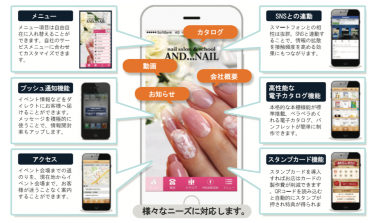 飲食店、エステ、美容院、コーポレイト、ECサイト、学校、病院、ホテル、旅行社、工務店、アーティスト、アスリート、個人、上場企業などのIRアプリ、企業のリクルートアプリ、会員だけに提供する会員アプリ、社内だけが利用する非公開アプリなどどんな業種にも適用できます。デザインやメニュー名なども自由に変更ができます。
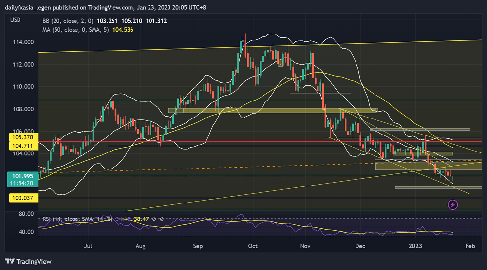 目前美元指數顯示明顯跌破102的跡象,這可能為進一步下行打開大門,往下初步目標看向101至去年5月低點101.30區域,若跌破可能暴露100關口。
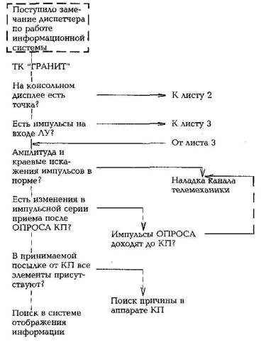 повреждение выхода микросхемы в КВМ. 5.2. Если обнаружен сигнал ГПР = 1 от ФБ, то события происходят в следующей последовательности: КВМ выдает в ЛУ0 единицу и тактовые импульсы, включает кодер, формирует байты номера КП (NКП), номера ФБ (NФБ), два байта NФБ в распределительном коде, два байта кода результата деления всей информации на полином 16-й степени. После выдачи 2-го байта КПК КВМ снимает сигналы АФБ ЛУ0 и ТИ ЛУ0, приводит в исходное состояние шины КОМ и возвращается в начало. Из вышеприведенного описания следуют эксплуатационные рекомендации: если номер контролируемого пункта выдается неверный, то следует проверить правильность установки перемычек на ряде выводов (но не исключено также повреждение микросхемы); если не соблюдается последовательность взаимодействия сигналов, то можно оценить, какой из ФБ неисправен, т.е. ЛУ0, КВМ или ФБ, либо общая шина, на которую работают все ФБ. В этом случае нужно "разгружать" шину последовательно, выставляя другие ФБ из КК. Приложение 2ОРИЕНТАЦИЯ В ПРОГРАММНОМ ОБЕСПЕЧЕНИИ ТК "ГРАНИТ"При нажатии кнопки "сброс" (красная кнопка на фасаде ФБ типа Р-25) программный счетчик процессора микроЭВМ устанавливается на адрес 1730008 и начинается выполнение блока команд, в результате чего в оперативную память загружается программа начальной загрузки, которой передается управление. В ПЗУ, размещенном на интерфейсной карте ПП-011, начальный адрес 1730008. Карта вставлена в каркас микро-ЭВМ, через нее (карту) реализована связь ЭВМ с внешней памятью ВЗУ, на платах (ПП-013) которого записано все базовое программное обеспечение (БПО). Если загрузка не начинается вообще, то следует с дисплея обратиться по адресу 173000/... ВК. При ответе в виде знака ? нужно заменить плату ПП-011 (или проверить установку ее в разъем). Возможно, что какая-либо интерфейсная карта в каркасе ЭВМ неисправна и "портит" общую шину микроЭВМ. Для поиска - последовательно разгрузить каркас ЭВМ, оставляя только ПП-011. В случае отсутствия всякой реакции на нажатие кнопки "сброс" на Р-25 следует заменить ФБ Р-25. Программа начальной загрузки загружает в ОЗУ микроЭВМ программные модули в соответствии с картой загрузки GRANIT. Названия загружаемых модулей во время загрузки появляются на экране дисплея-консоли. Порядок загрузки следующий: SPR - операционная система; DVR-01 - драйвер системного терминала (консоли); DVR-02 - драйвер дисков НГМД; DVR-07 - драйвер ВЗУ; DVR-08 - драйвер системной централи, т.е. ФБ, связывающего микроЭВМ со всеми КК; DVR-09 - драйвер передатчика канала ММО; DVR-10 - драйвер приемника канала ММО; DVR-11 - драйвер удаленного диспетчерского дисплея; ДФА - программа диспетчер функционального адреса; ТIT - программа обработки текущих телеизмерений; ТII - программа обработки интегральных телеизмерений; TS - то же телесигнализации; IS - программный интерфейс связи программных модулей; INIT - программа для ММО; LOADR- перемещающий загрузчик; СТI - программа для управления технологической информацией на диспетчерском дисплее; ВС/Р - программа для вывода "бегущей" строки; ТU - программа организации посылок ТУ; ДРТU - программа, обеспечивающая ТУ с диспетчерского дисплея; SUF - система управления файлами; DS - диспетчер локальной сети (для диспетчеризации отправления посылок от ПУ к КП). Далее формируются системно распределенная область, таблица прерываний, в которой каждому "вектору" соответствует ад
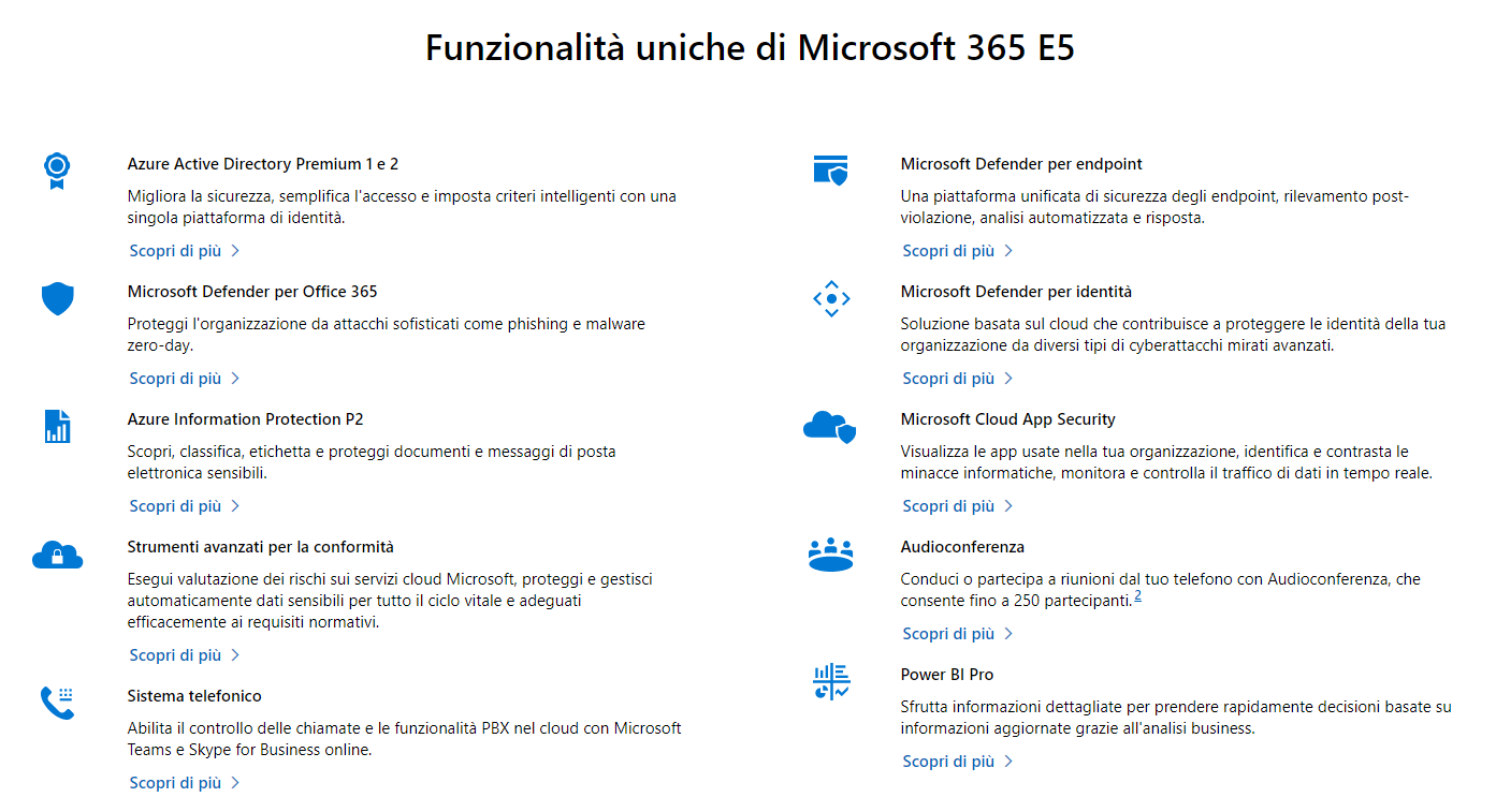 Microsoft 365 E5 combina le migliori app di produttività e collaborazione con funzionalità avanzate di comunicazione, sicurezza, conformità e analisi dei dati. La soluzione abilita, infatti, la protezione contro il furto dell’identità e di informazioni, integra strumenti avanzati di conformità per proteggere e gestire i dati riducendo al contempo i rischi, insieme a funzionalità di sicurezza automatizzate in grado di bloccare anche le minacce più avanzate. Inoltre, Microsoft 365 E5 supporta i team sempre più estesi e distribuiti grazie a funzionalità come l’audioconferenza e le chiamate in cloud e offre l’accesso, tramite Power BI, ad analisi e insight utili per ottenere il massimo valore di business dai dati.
****************************************
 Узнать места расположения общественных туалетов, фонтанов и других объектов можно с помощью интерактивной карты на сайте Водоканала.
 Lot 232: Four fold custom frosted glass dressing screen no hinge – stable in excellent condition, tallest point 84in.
****************************************
The response should be the listing above, limited to the lines between the one holding "Узнать места расположения" and the one holding "Lot 232: Four", inclusive, reproduced exactly.

 Узнать места расположения общественных туалетов, фонтанов и других объектов можно с помощью интерактивной карты на сайте Водоканала.
 Lot 232: Four fold custom frosted glass dressing screen no hinge – stable in excellent condition, tallest point 84in.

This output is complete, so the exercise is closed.